__YOUR GOAL__
Render every line of the data exactly as written, and leave out the pictures.

__DATASET EXCERPT__

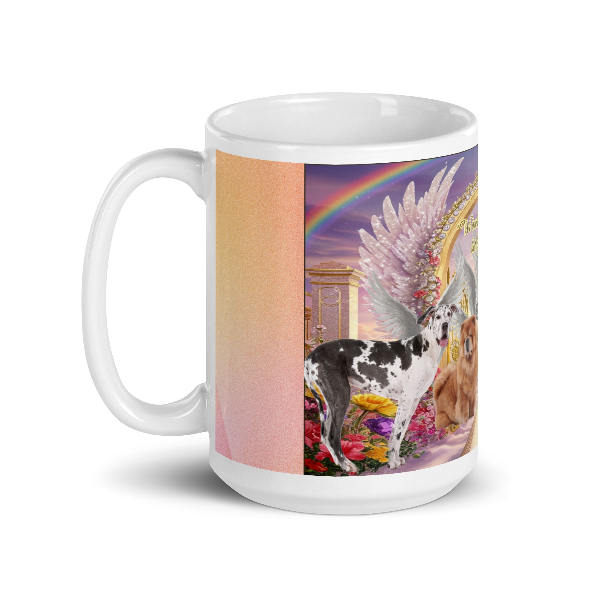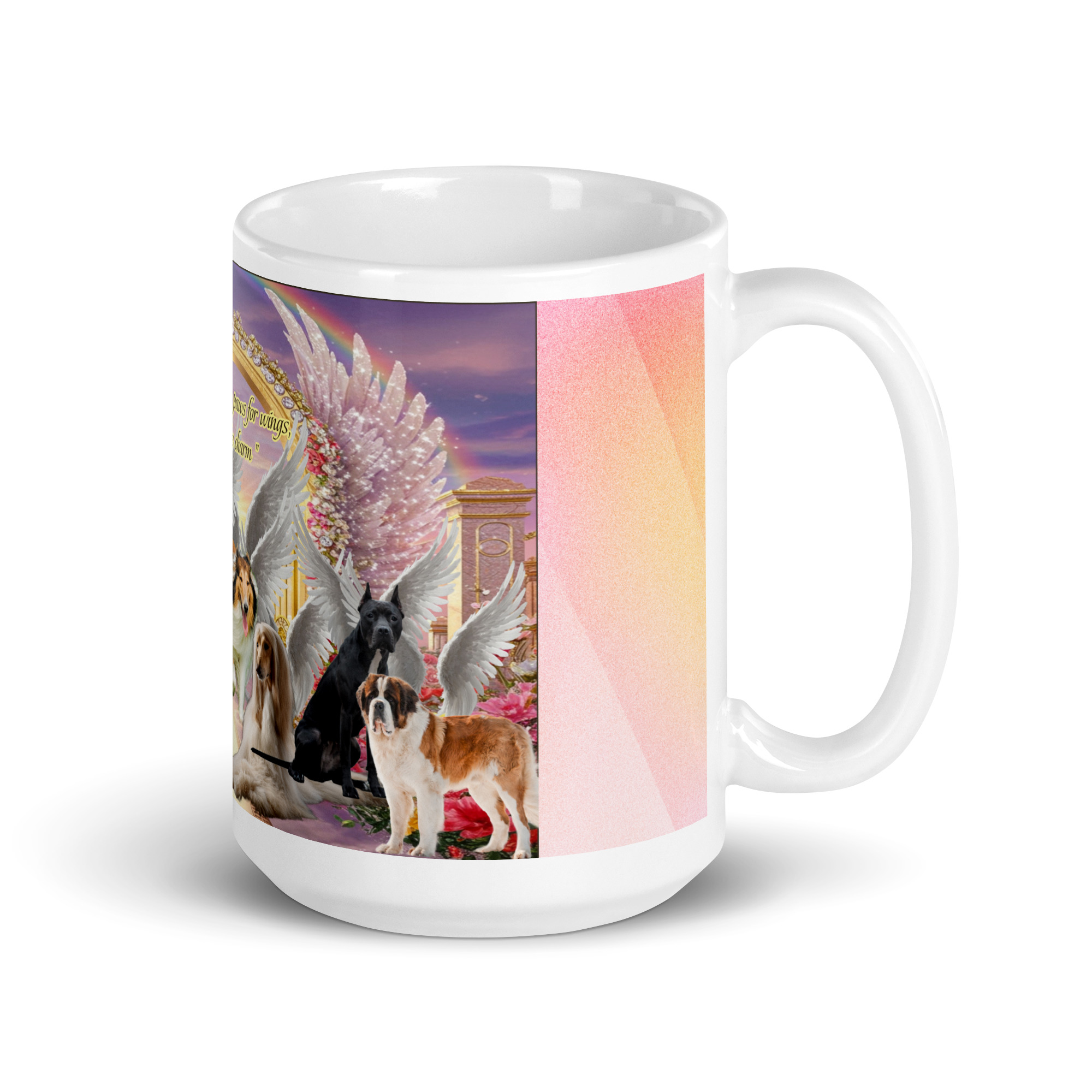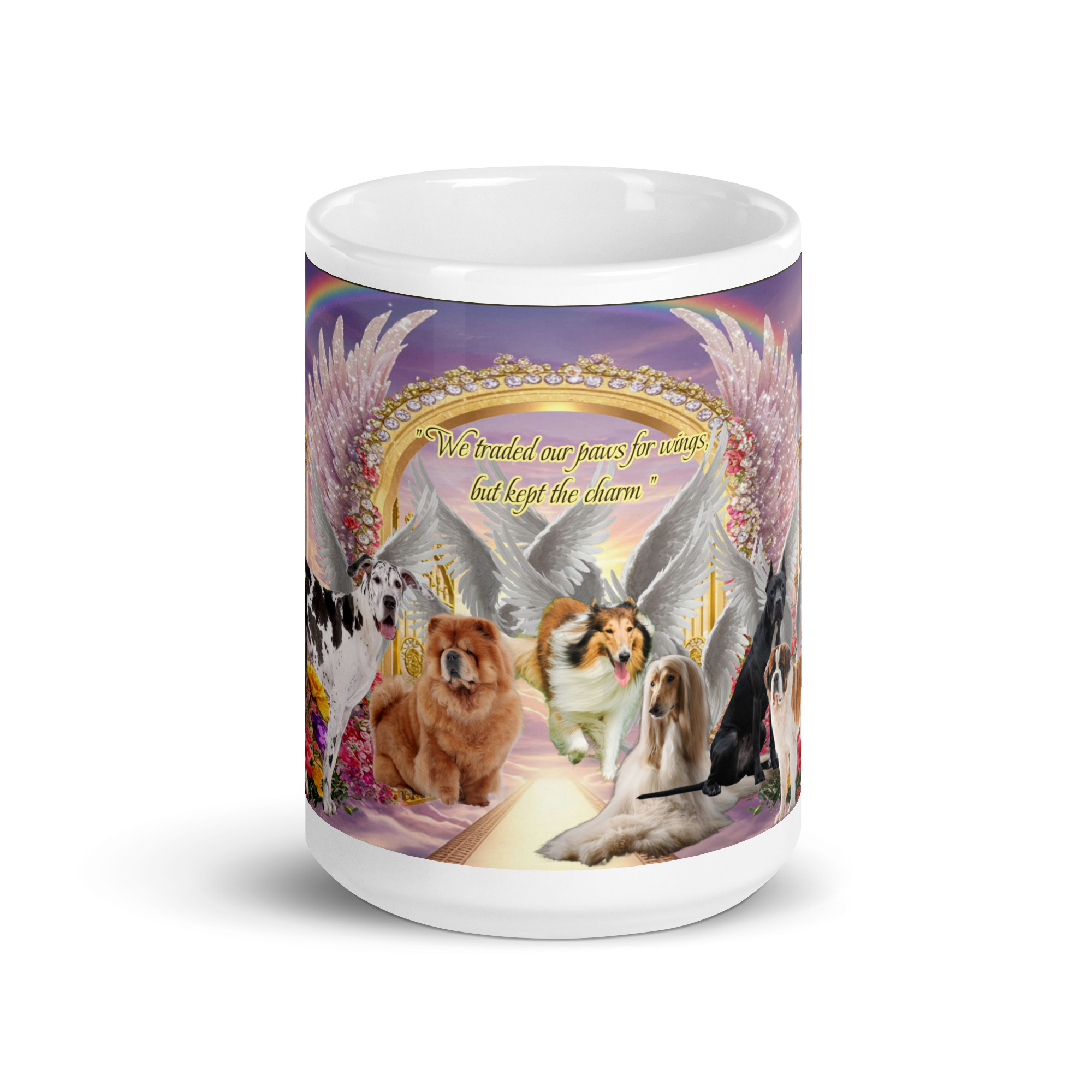 All Breeds in Heaven ” We traded our paws for wings but kept the charm” 15oz. White glossy mug
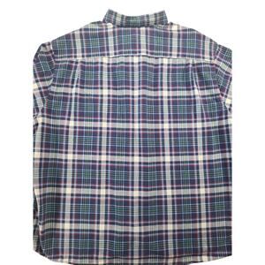 The Daniel Cremieux Button Down Shirt in size 3XL is a classic fit, long sleeve shirt made from 100% cotton fabric with a blue, white, and red plaid pattern. It features a collared neckline and button closure and is suitable for occasions like travel, casual wear, and workwear. This breathable shirt is machine washable and perfect for all seasons, offering a western or preppy style with its classic design. In excellent condition, this high-quality shirt is a versatile addition to any man's wardrobe.
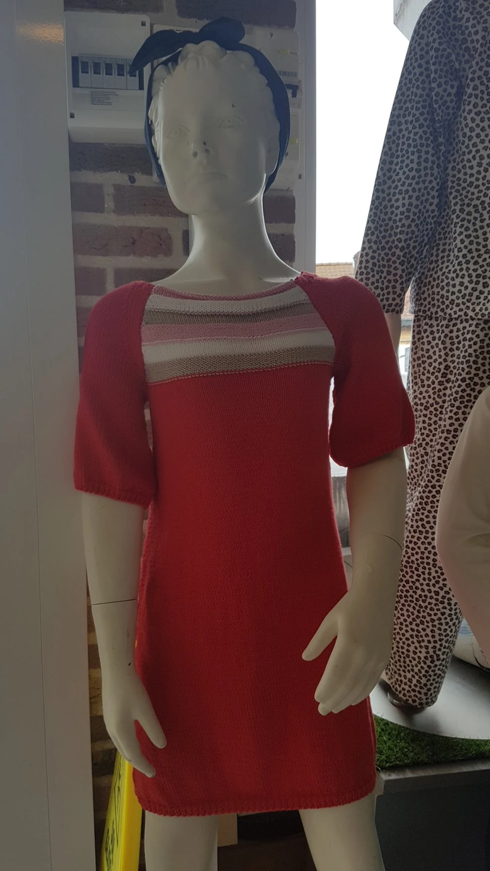 Robe pour fille, taille 4 ans, tricotée main, couleur rouge, rose, blanc et beige. Légèrement évasée en bas et aux manches, manches courtes, elle est tricotée en jersey, l’empiècement devant et dos est rayé en jersey endroit et jersey envers. Bordures de la jupe et des manches en côtes 1/1. Elle est réalisée en qualité Coton Fifty (50% coton 50% acrylique, fil fabriqué en France), coloris écarlate, ficelle, coco et berlingot, aiguilles n° 2,5 et 3.
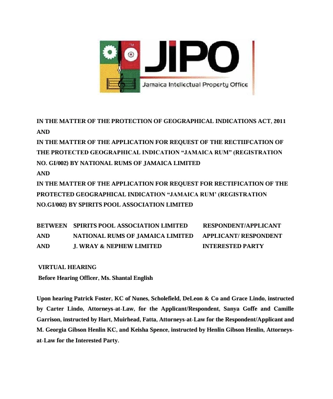(1) 2020년, NRJ(National Rums of Jamaica)가 자메이카 럼 GI 개정안 신청을 JIPO에 제출했다. 여기서 NRJ는 Clarendon, Long Pond 두 증류소를 소유한 자메이카 국영 럼 생산 회사이며 JIPO는 자메이카의 지식재산청이다.

__SOLUTION__
 All Breeds in Heaven ” We traded our paws for wings but kept the charm” 15oz. White glossy mug
 The Daniel Cremieux Button Down Shirt in size 3XL is a classic fit, long sleeve shirt made from 100% cotton fabric with a blue, white, and red plaid pattern. It features a collared neckline and button closure and is suitable for occasions like travel, casual wear, and workwear. This breathable shirt is machine washable and perfect for all seasons, offering a western or preppy style with its classic design. In excellent condition, this high-quality shirt is a versatile addition to any man's wardrobe.
 Robe pour fille, taille 4 ans, tricotée main, couleur rouge, rose, blanc et beige. Légèrement évasée en bas et aux manches, manches courtes, elle est tricotée en jersey, l’empiècement devant et dos est rayé en jersey endroit et jersey envers. Bordures de la jupe et des manches en côtes 1/1. Elle est réalisée en qualité Coton Fifty (50% coton 50% acrylique, fil fabriqué en France), coloris écarlate, ficelle, coco et berlingot, aiguilles n° 2,5 et 3.
(1) 2020년, NRJ(National Rums of Jamaica)가 자메이카 럼 GI 개정안 신청을 JIPO에 제출했다. 여기서 NRJ는 Clarendon, Long Pond 두 증류소를 소유한 자메이카 국영 럼 생산 회사이며 JIPO는 자메이카의 지식재산청이다.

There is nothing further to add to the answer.